The average rate on a 30-year mortgage fell slightly this week, providing modest relief for home shoppers facing record-high home prices
LOS ANGELES — The average rate on a 30-year mortgage fell slightly this week, providing modest relief for home shoppers facing record-high home prices.
The rate fell to 6.89% from 6.95% last week, mortgage buyer Freddie Mac said Thursday. A year ago, it averaged 6.96%.
The average rate has mostly hovered around 7% this year — more than double what it was just three years ago. The elevated mortgage rates, which can add hundreds of dollars a month in costs for borrowers, have put off many home shoppers this year, extending the nation’s housing slump into its third year.
Borrowing costs on 15-year fixed-rate mortgages, popular with homeowners refinancing their home loans, also fell this week, pulling the average rate down to 6.17% from 6.25% last week. A year ago, it averaged 6.30%, Freddie Mac said.
Mortgage rates are influenced by several factors, including how the bond market reacts to the Federal Reserve’s interest-rate policy and the moves in the 10-year Treasury yield, which lenders use as a guide for pricing home loans.
The yield, which topped 4.7% in late April, has been generally declining since then on hopes that inflation is slowing enough to get the Fed to lower its main interest rate from the highest level in more than two decades.
“Following June’s jobs report, which showed a cooling labor market, the 10-year Treasury yield decreased this week and mortgage rates followed suit,” said Sam Khater, Freddie Mac’s chief economist.
On Thursday, the yield was down to 4.18% in midday trading in the bond market after a new update on inflation raised expectations that the central bank will soon begin lowering its benchmark rate.
Fed officials have said that while inflation has moved closer to the central bank’s target level of 2% in recent months, they want to see more data supporting that trend before moving to cut rates.
Most economists expect the Fed’s first rate cut to come in September, with potentially another cut by year’s end.
Until the Fed begins lowering its short-term rate, long-term home loans are unlikely to budge significantly from where they are now.
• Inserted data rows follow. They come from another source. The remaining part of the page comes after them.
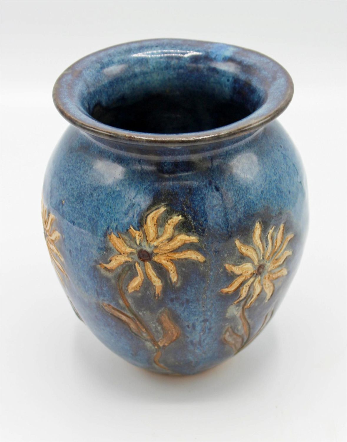 Studio made ceramic vase blue with three etched daisies, signed possibly BAC, 4/98, 6.5"h x 5"d Condition: Good Dimensions: 6.5 x 5 in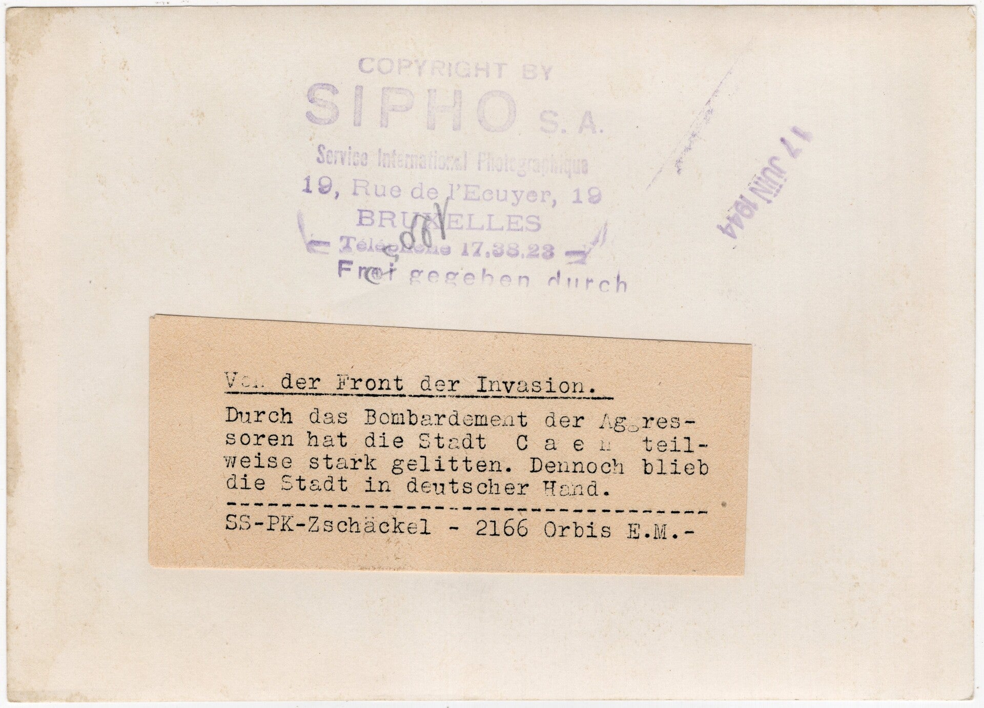 Original WW2 German Waffen SS Press Photo - Destroyed city of Caen, Normandy, Operation Overlord, France (1944)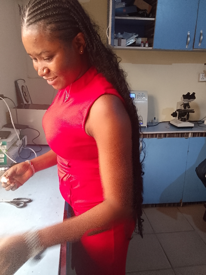 A female individual is depicted in a medical or laboratory setting. She is a woman with dark skin and long, dark braided hair, styled over her left shoulder and extending down her back. She is wearing a sleeveless, red, high-neck top. A silver-colored necklace with a pendant is visible around her neck, and a silver-colored bracelet adorns her left wrist. Her face is turned slightly to her left, with a gentle smile directed downwards. Her left hand is positioned over a light blue countertop, holding a small white object, possibly cotton. A pair of silver scissors lies on the counter nearby. The right arm is blurred, indicating motion. The background features a light beige wall with blue cabinets mounted above a continuation of the light blue countertop. The cabinets contain various items including packaged materials and small containers. On the countertop in the background, a white medical analyzer with a blue digital display and buttons is present, alongside a black and white binocular microscope. Small bottles and an electrical socket are also visible. The floor is covered with light-colored tiles. The specific location within Lagos, Nigeria, is not ascertainable from the visual evidence provided.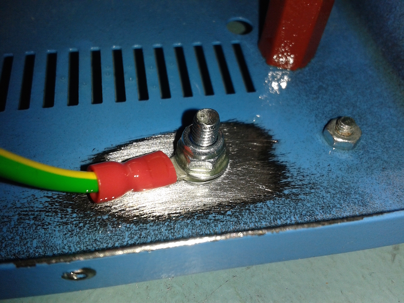Now, given that the main enclosure is of steel construction and the front panel is of aluminium, I decided that galvanism may contribute to an unreliable connection at the interface of the two metals. In addition, the two are only joined by a few self tapping screws, which provide durable construction, but an electrical connection may, again, be unreliable.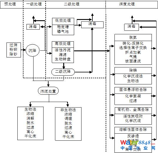 城市污水再生處理一般可分為預(yù)處理、一級處理、二級處理和深度處理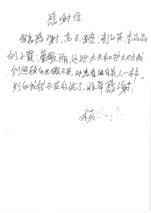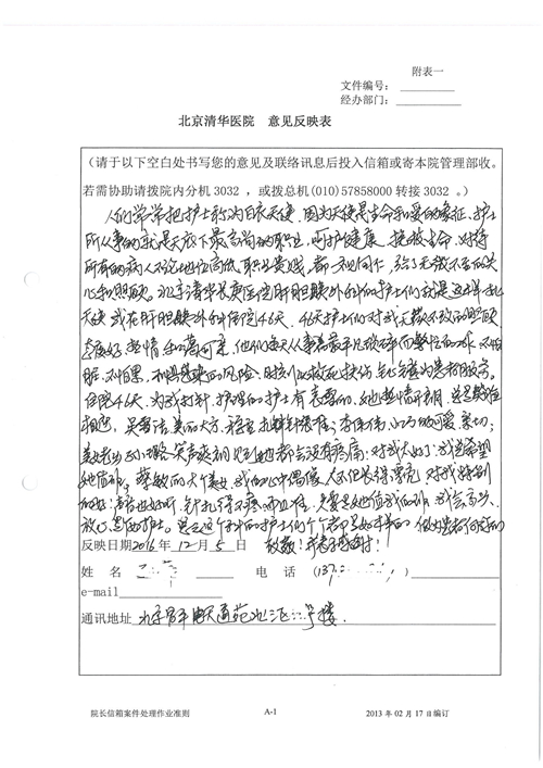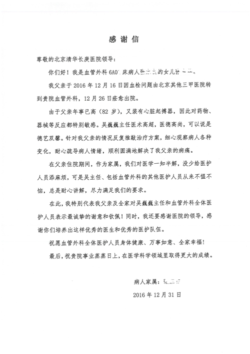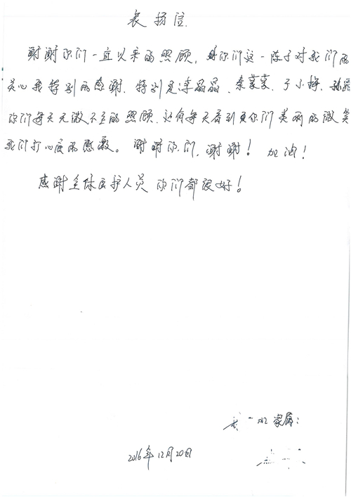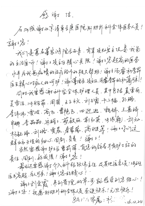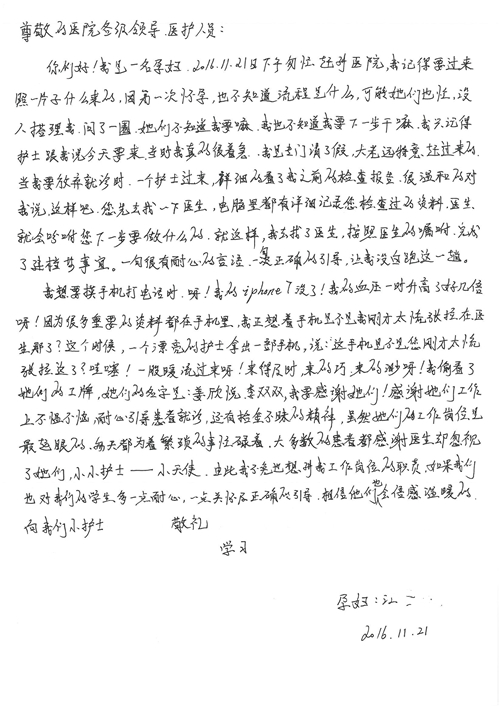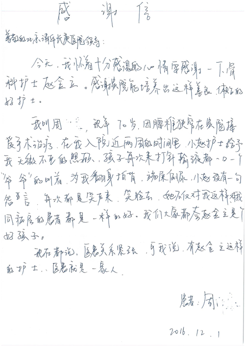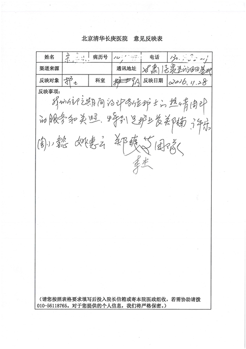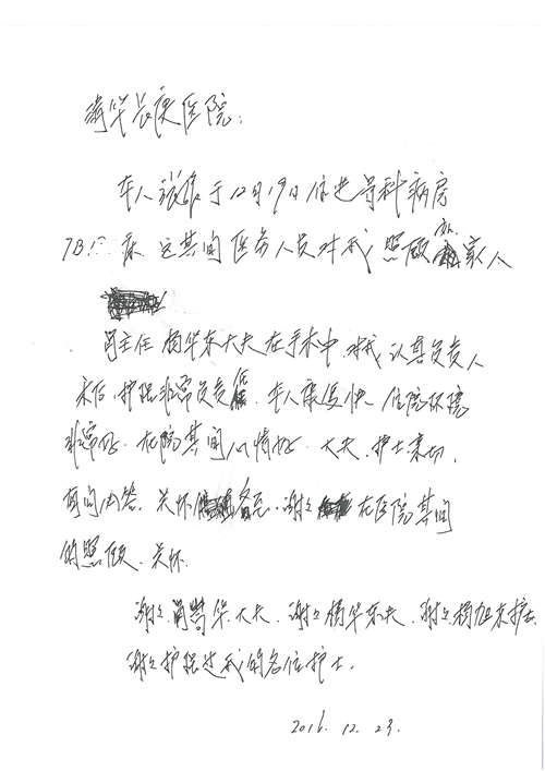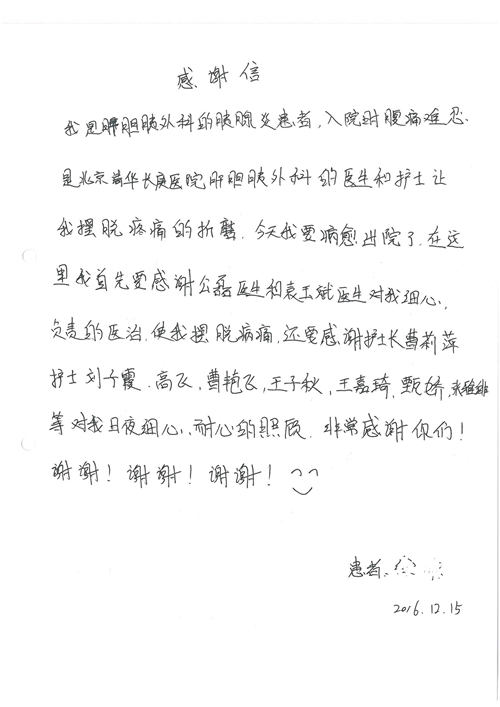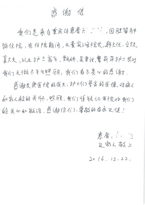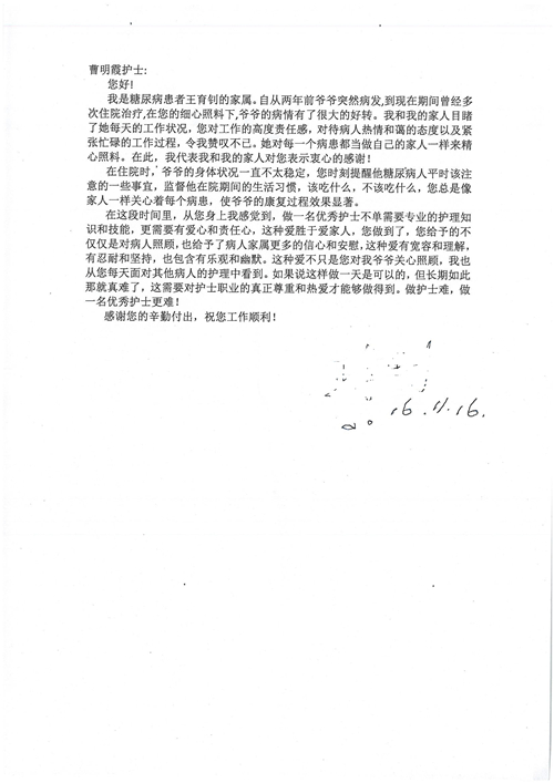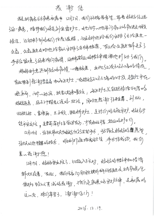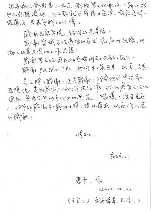 2016年12月,我院共接到患者及家属感谢信81封,其中肝胆外科董家鸿主任医师、张洪义主任医师、张跃伟主任医师、石军副主任医师、韩东冬副主任医师、项灿宏副主任医师、公磊医师、杨世伟医师、汤睿医师、李昂医师、袁玉斌医师,普通外科罗斌主任医师、李元新主任医师、刘伯涛主治医师、白熠州主治医师、汤洁莹医师、赵传多医师、朱融融医师,骨科肖嵩华主任医师、宋飞主治医师、杨华东主治医师、顾苏熙主治医师,泌尿外科张鑫副主任医师、王澍医师,心脏内科张萍主任医师、缪国斌主任医师、薛亚军主治医师,肾脏内科李月红主任医师、庄震主治医师,消化内科相马宁主任医师、刘佳文主治医师,血液及肿瘤内科刘兆祥住院医师,妇产科黄振宇副主任医师、张蕾副主任医师、马珂副主任医师、刘晨副主任医师、刘瑛医师、王奔医师、王晓茜医师,儿科季丽娜副主任医师,内分泌科蓸沉香主治医师,眼科胡胡运韬主任医师、郭立斌副主任医师、司山成医师,耳鼻咽喉头颈外科叶京英主任医师、伊海金副主任医师、尹国平主治医师,急诊科周杰医师,ICU许媛主任医师,医事处李俊男,保卫处马班长,保洁员刘玉芳,护理部袁雪丽、吴雪洁、李伟伟、孙璐、蔡敏丽、李晶晶、秦蒙蒙、于小梅、张雅绯、周圆、王子秋、刘子霞、贾波、高飞、曹艳飞、田迎迎、甄娇、王嘉琦、申姗、李晶晶、宋辉辉、荆红英、张保乾、刘灿、杨钰琢、贾晨、高雅、曹莉萍、戚欣、刘金霞、曹明霞、杨旭东、叶露、李文静、李慧、林景熠、王梦瑶、许丽、杨秀玉、徐洋洋、许平平、谢娟娟、谢兰兰、季静、郭莹莹、代海栾、苑贵芳、杜双双、李亚灵、张慧文、方玲、于洋洋、黄婧倩、刘宇琛、李冰、赵金立、刘天玉、杨凯、赵宝晶、张晓岚、刘盼、陈晓红、赵杰、王宇、赵金立、郑楠、刘晶钰、姚惠云、许乐、周小懿、郑爽、李杰、李双双、姜欣悦、潘景娜、张东鑫、李梦莹、宋研研、范李璐以及缪国斌医护团队,心脏内科、骨科、血管外科、肝胆外科、妇产科、ICU、肾脏内科全体医护人员,6B、9A、普通外科全体护士收到具名表扬。特此公告,以资鼓励!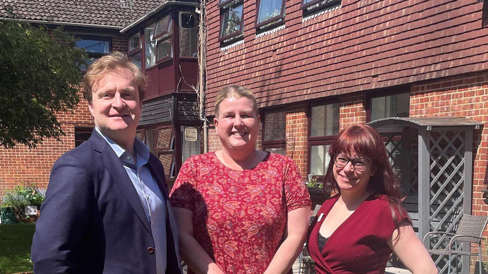Matt Aldridge, Labour Candidate for Salisbury, discusses dementia services with Rebecca Flood, Bemerton Lodge Home Manager and Stephanie Smart, Admiral Nurse.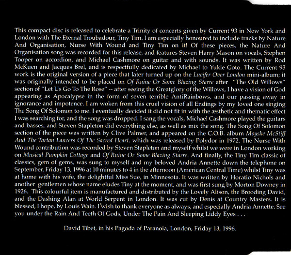 Current 93 Guitar, Bass Guitar – Michael Cashmore Performer [Everything Else], Mixed By – Steven Stapleton Vocals – David Tibet |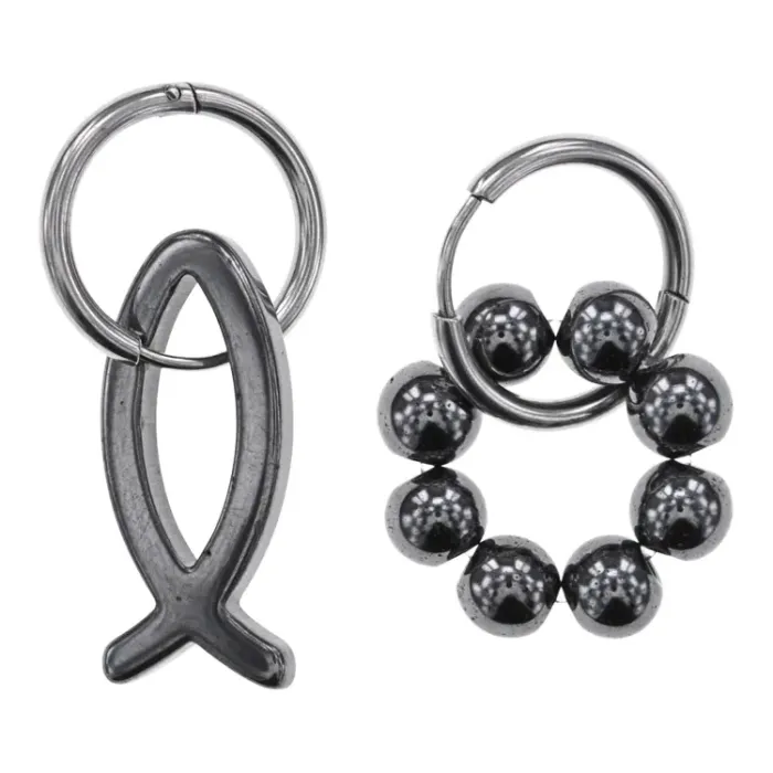 Ассимметричные серьги Конго с синтетическим камнем Гематит, Ихтис SEC06-05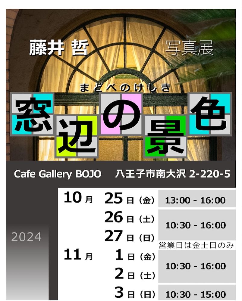 あきる野市在住の藤井哲氏による、窓辺を中心とした写真の展示会。。

Still, mortgage rates could generally ease in coming weeks if bond yields continue declining in anticipation of a Fed rate cut.
“Although volatile, we should see 10-year Treasury rates continue on a downward trend and, as a result, a slow decline in mortgage rates throughout the rest of the year,” said Ralph McLaughlin, senior economist at Realtor.com.
Record-high home prices and a rising, but still historically limited, supply of properties on the market discouraged many would-be homebuyers this spring, traditionally the busiest period of the year for the housing market.
Sales of previously occupied U.S. homes fell in May for the third month in a row, and indications are that June saw a pullback as well.
Despite forecasts calling for mortgage rates to ease in coming months, most economists expect the average rate on a 30-year home loan to remain above 6% this year. That may not be enough of a decline to entice home shoppers who have been holding out for mortgage rates to come down, nor persuade homeowners who have locked in rock-bottom rates that it’s a good time to sell.
“There are definitely some people I’m working with that are considering waiting till next year,” said Dane Gates, broker associate with Better Homes and Gardens Real Estate in Houston.